Upham's Corner Online

Dessa Eason talks about her Son, Jovany


It’s August 20, 2012 and Dessa Eason is still mourning the loss of her son, Jovany, whom the kids called "Jo-Jo."  It’s been a full three years since the shooting took place at Ka Karlos on Hancock Street in 2009.  Today, she was looking over the photos taken on August 2 at the street memorial for her son at Bird and Hancock, and she is feeling overwhelmed.

"Is it because of the wonderful friends you have? Is it because of the loss? What is causing you to feel overwhelmed?"

"Just to see the people that were there at the memorial," she said, "not only adults but the children and especially the youth.  It wasn't just a mother's loss. It’s the kids that lost my son, too, and that remember him."

Dessa Eason talks about her son, Jovany Dessa Eason talks about her son, Jovany Dessa Eason talks about her son, Jovany

Jovany Eason was well liked by everyone and popular both as a lifeguard and a counselor at the Holland Community Center on Geneva Avenue.  His daily routine was to sleep until noon, then go to his job for a 1-9pm shift until the pool closed.

On the day of the double murder, Dessa was out-of-town.  What she has been told is that Jovany was at home with his cousin expecting company.  He got a phone call, about what nobody knows.  He headed over to Ka Karlos and before leaving said he would be right back in ten minutes. "So leave the air conditioner on."  Ka Karlos was considered a safe place because it was owned by Jovany’s godfather, Mr. Depina.  
    
"From the videotapes, they just show him inside the club talking.  There was an altercation. One of the guys was saying something to one of his friends about why are you hanging with him? My son said something about: ‘You don't know me. Why would you say something like that?’ From there, it escalated."

The chef who got killed is Manny Monteiro, a close friend of Dessa.  He was in his early 50s, caught in crossfire. He had two daughters, grandchildren and a wife. His body was sent back to Cape Verde.  The family had a sense that was home for him and that he should be buried there. 

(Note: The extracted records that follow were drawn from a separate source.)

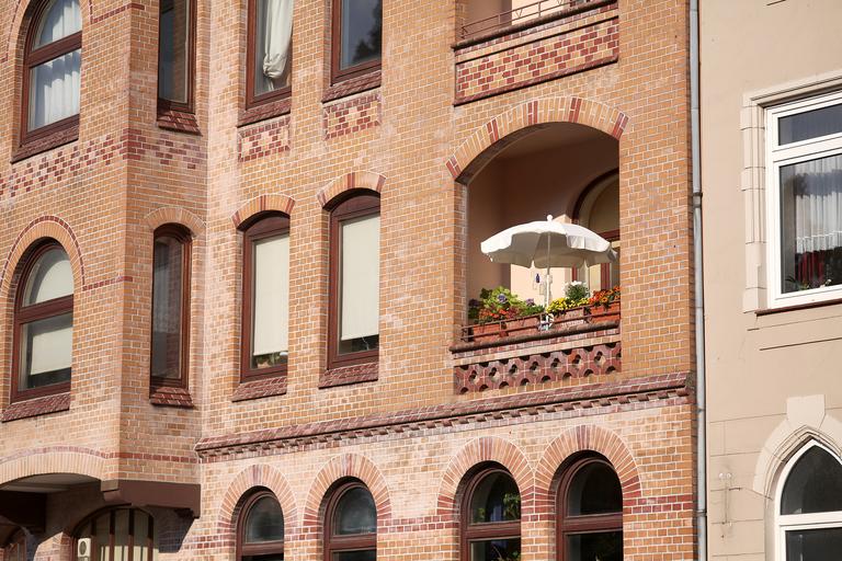 Keywords: tenement house brick balcony summer day parasol flowers idyll protected red rest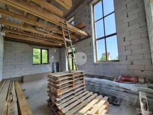 Кровля: холодный чердак. Утепление 250мм минвата, мауэрлат 150*150, обрешетка и контробрешетка 50*50, покрытие гибкая черепица. Не выполнены работы по подшивке кровли и установке софитов. Материалы на это закуплены, остался монтаж.
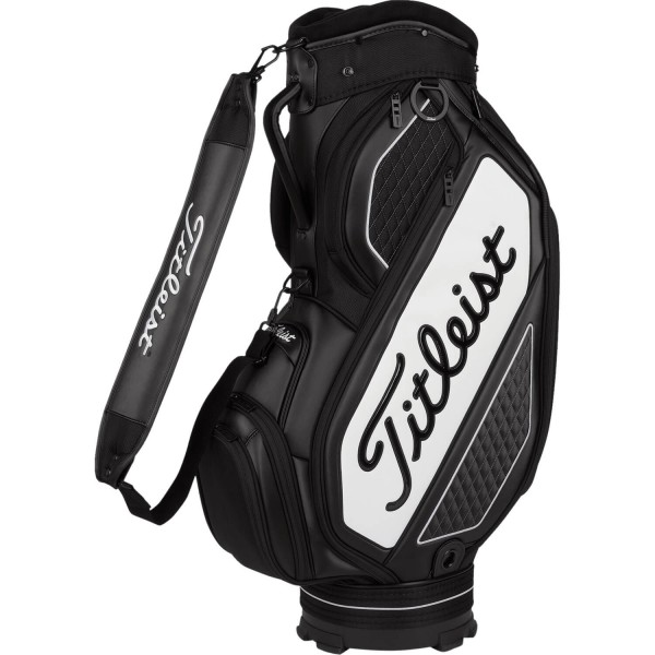 Cartbag Titleist Midsize Staff Jet Black Collection Das Midsize Staff Jet Black Collection Cartbag von Titleist kommt im eleganten schwarzen Tour-Design und überzeugt durch sein hochwertiges Aussehen und durch seine Haptik. Der Titleist-Schriftzug an der Seite des Bags ist ein Blickfang und komplettiert das Design hervorragend. In dem 6-Fach Top sind Ihre Schläger gut aufgehoben. Zur weiteren Austattung des Bags gehören neun geräumige Reißverschlusstaschen sowie ein Magnetfach und ein Fach für Ihren Regenschirm. Mit dem gepolsterten Tragegurt können Sie das Bag komfortabel über den Platz transportieren. Das Bag verfügt zusätzlich über eine Schlägertuch-Halterung am Top. Bag Höhe 89 cm Top Durchmesser 28 cm Gewicht 4,2 kg Wasserdicht nein Anzahl der Fächer 6 Fächer durchgehend teilweise (nur die Querstreben) Kühlfach nein Tragegurt ja Regenschirmhalterung ja Putter-Röhre (extern) nein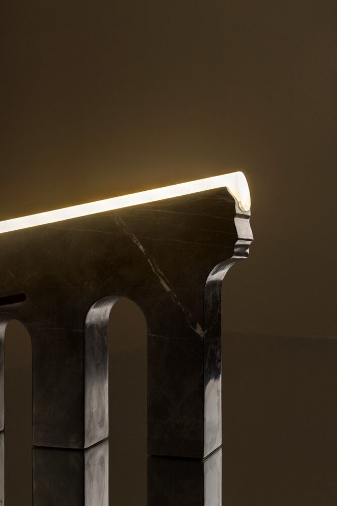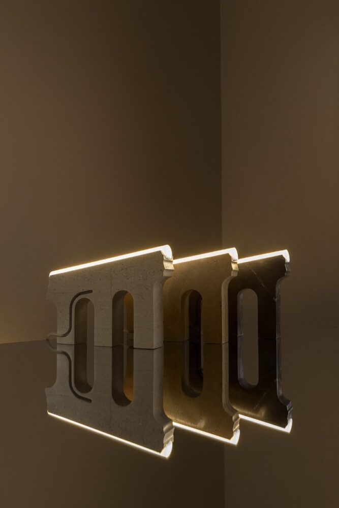 the design centers around a sculptural turntable topped with thirty-nine individual wooden tiles that flip and shift in real time as music plays.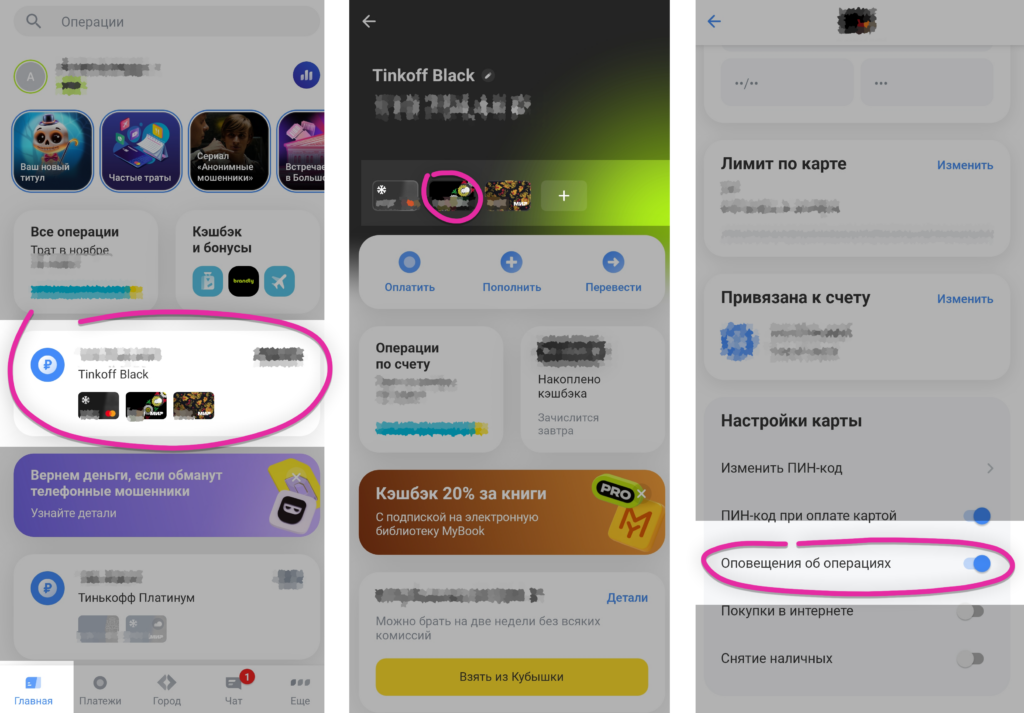 Уведомления о покупках, переводах и снятии наличных — отдельная платная услуга:
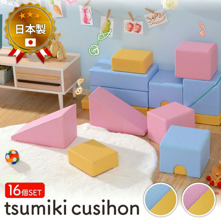 積み木 クッション 16個セット 日本製 ブロック 積み木クッション ベビー キッズ 保育園 託児所 プレイルーム おもちゃ セット(代引不可)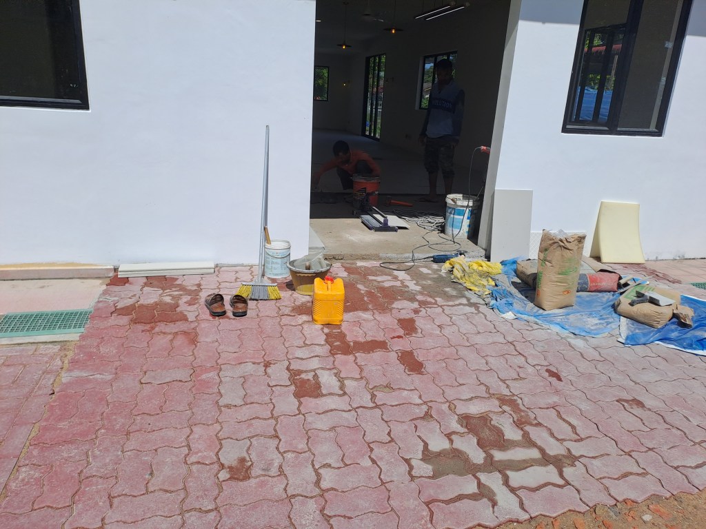 The interlocking bricks ( patio ) is sloping because there is higher level ( about the height of 1 brick ) from the house to the ground . This connects the house to the Rumah Kebun and to the Kebun . I need to install grills for the French doors, front door & the windows , sigh , Need to install CC TV too , sigh .

Dessa said she lights candles down at 33 Hancock Street for Manny.  "You don't want people to forget about him.  He was a beautiful guy and he was just trying to make the peace that night, lock up and keep people from coming back into the club."

It took a full two years for the court proceedings.  The two guys that were involved in the shooting were convicted last September.

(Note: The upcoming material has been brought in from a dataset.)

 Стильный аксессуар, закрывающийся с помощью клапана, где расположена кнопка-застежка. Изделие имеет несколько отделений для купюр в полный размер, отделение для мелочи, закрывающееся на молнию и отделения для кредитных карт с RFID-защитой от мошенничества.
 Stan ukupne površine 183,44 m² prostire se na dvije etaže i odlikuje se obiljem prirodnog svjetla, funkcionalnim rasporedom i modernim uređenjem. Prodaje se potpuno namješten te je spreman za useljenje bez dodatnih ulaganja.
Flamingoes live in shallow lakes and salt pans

"Does it help that they were convicted?" Dessa asked.  "Does it ease the pain? No, it doesn't because their family is hurting, too. One of the kids I found out had never been in trouble before. I've talked to the parents of the kids who did it. Nobody wins. It hurt both sides and we are both the same nationality, Cape Verdean. So, that hurts even more. Any killing is not tolerated. But when it happens to your own . . . They came here from Cape Verde to make it better for themselves and better for their race. Something like this just devastates everyone, not just my son, but the community as a whole."
Dessa Eason talks about her son, Jovany Dessa Eason talks about her son, Jovany

Could any good have come of this senseless shooting?

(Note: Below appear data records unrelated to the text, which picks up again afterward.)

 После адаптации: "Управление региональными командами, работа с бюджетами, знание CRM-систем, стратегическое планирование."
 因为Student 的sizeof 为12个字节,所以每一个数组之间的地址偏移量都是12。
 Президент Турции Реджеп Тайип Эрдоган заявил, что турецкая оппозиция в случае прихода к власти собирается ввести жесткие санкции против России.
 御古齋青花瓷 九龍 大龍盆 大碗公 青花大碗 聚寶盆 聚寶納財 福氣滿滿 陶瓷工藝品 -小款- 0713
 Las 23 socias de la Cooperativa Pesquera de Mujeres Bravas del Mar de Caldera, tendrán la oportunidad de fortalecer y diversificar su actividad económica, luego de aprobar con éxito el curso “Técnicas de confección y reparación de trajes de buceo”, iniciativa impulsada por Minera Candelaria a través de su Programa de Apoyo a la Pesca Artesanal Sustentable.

Dessa talks with other parents who have lost their children and comforts them in a way that only someone who also has lost a child can. She also believes that the shock of Jo-Jo’s death has stopped a lot of the kids in this area from repeating this type of violence.

Getting these kids off the street is a rallying cry for Dessa - so they don't have these kinds of thoughts in their heads. "I fight for getting more people out in the street talking with the kids and letting them know that they don't have to be out here. Just the thought of having them doing nothing when there's so many things that they can get involved with – it drives me crazy."  

Dessa is grateful for the many people in the community who have reached out to her in her pain.  Of Isaura Mendes, she said:  "She is a very good friend of mine. I personally knew her sons. She was the first person who was at my door.  Every time I do anything, she's right there for me."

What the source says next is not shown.